Exercise description →
Your answer should consist of the lines in the following data that contain "with".

+ + + + +

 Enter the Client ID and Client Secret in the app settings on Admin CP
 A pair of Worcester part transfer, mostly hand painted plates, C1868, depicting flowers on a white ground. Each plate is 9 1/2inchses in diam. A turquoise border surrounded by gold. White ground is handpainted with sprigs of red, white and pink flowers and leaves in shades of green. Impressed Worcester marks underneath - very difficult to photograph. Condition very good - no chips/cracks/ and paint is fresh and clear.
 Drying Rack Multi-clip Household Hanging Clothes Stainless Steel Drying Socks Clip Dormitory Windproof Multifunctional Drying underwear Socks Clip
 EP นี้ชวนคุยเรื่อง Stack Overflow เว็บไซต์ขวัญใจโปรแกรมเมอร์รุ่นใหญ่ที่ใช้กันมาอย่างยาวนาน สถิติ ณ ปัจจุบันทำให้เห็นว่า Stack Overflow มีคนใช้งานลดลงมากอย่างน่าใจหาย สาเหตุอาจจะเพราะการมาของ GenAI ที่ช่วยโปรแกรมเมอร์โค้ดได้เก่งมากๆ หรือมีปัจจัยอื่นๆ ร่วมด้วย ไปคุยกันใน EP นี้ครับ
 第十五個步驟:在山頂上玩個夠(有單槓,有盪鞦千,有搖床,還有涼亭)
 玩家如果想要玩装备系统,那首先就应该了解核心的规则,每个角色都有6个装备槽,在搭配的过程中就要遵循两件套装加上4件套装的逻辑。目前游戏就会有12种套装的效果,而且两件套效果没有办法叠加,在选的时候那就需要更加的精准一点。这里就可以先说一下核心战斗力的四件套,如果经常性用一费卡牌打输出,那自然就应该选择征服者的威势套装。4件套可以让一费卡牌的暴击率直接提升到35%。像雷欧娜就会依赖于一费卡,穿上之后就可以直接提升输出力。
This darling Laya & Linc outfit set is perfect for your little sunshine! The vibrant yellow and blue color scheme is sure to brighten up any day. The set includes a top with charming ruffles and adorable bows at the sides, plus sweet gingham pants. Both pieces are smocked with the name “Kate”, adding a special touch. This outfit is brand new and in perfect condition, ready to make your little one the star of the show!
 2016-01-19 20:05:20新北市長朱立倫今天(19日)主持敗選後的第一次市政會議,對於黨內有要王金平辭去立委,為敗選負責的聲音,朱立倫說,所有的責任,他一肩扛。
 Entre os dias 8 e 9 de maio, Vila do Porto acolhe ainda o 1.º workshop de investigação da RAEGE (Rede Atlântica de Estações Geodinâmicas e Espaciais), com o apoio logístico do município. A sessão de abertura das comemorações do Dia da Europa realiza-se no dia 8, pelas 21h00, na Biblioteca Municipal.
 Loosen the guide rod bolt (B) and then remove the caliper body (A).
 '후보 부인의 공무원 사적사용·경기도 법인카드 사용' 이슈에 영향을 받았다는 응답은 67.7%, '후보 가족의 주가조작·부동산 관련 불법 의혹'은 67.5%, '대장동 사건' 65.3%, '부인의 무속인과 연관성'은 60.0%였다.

+ + + + +

Task answer →
 A pair of Worcester part transfer, mostly hand painted plates, C1868, depicting flowers on a white ground. Each plate is 9 1/2inchses in diam. A turquoise border surrounded by gold. White ground is handpainted with sprigs of red, white and pink flowers and leaves in shades of green. Impressed Worcester marks underneath - very difficult to photograph. Condition very good - no chips/cracks/ and paint is fresh and clear.
This darling Laya & Linc outfit set is perfect for your little sunshine! The vibrant yellow and blue color scheme is sure to brighten up any day. The set includes a top with charming ruffles and adorable bows at the sides, plus sweet gingham pants. Both pieces are smocked with the name “Kate”, adding a special touch. This outfit is brand new and in perfect condition, ready to make your little one the star of the show!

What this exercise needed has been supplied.